Sunday, February 22, 2015

2,000 New Friends come a knockin' at my door!

They're here! 

2,000 of my new best friends have arrived USPS Priority Mail and I couldn't be happier!

Now before I introduce you let's back up a few weeks when I decided to jump on the homesteading wagon. Keep in mind I'm basically starting from scratch out here in suburbia so I'm reading everything I can get my hands on and one thing that kept coming up in my reading was composting.

So with a few tips from gardening book and YouTube videos I figured if I was gonna do this right and help amend this Oklahoma red dirt that's harder than a brick, I'd need a little help. OK, change that to a lot of help! new best friends.
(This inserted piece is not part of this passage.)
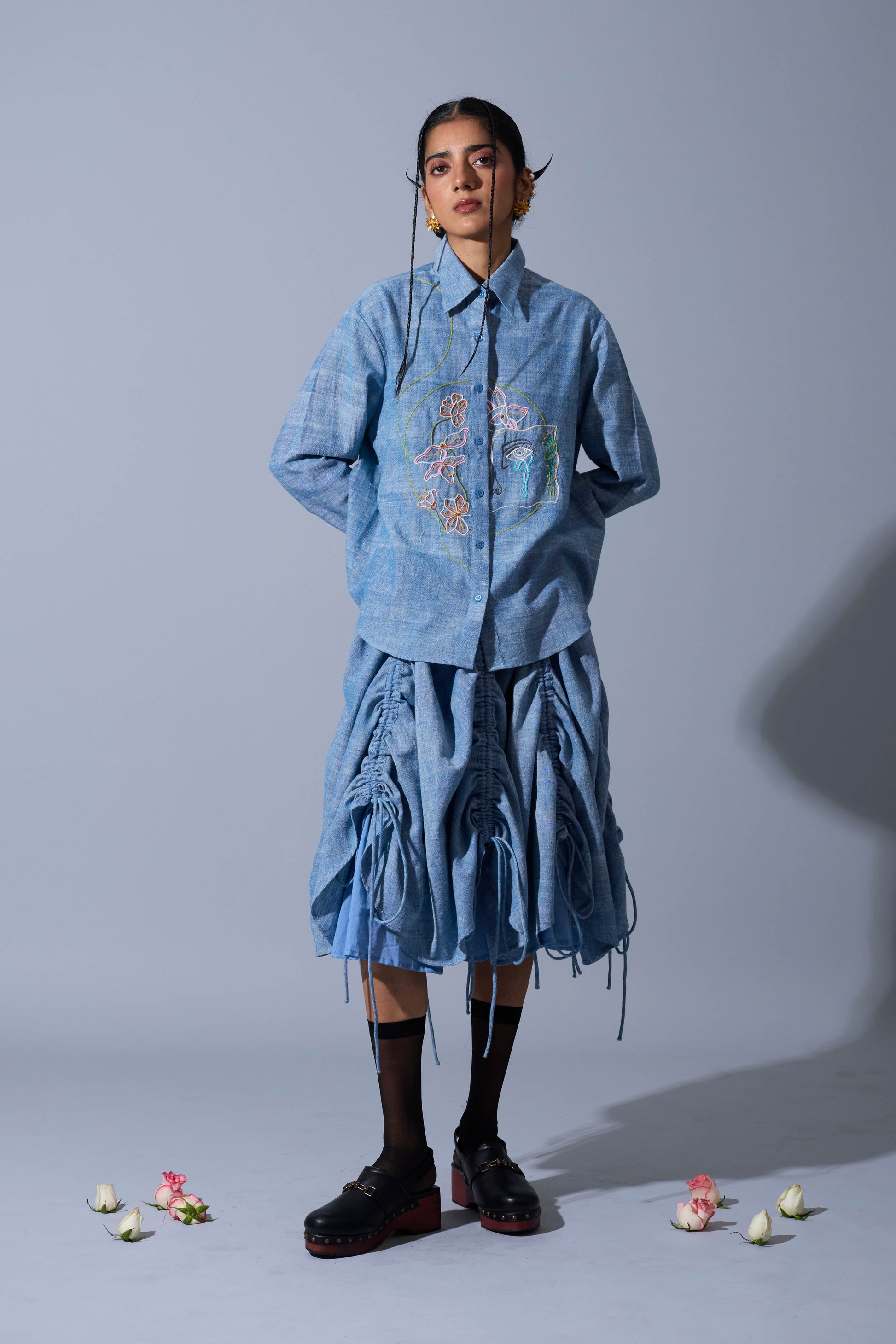 An asymmetrical skirt in handwoven linen with multiple vertical gathered panels all around the flare.

Red Wiggler Worms!

In my research I learned Red Wigglers were the best for composting.  Frankly they seem a bit like slithering little vampires...they don't like light, and are blood  veggie thirsty critters with voracious appetites and the weirdly cool thing about them is that what they excrete is pure gold for us gardeners. Sounds gross I know, but when you live with 2 teenage sons, nothing grosses you out, least of all worm poo.

Now I'm all for organic, no pesticides and adding as much back into the garden as possible the all natural way. And since I'm not the squeamish sort and thought those little dudes were rather cool considering all they'd be doing to help a new gardener like myself out, I knew I had to have me some new friends.
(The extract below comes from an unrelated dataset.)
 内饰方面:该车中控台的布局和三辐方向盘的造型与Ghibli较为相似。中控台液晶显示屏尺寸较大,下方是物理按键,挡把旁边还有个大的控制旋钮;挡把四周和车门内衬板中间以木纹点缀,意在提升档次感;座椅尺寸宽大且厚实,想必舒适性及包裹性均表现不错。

About the same time I started saving all of my food scraps. No meat. No grease. No Cheetos, just good old fruit and veggie scraps. Oh! And I learned those little stickers you get on your know the ones, well, worms don't like those, so they hit the trashcan. But all the yummy food that worms like to eat, got tossed into my temporary worm bin.

To set up my worm bin, I took an old clear shallow plastic bin (24x15x5) threw it into a big black yard waste trash bag, layered it with damp torn newspaper shreds, about a half gallon of organic soil and then started adding food scraps to the bin.

Now I've read that worms like when food starts to rot. Something to do with bacteria and all that jazz. So I started this food bin about a week before the worms actually arrived in order to get the decomposition going. I made sure everything was slightly damp, not soaking wet and then popped the lid on, put it in the garage to percolate a bit.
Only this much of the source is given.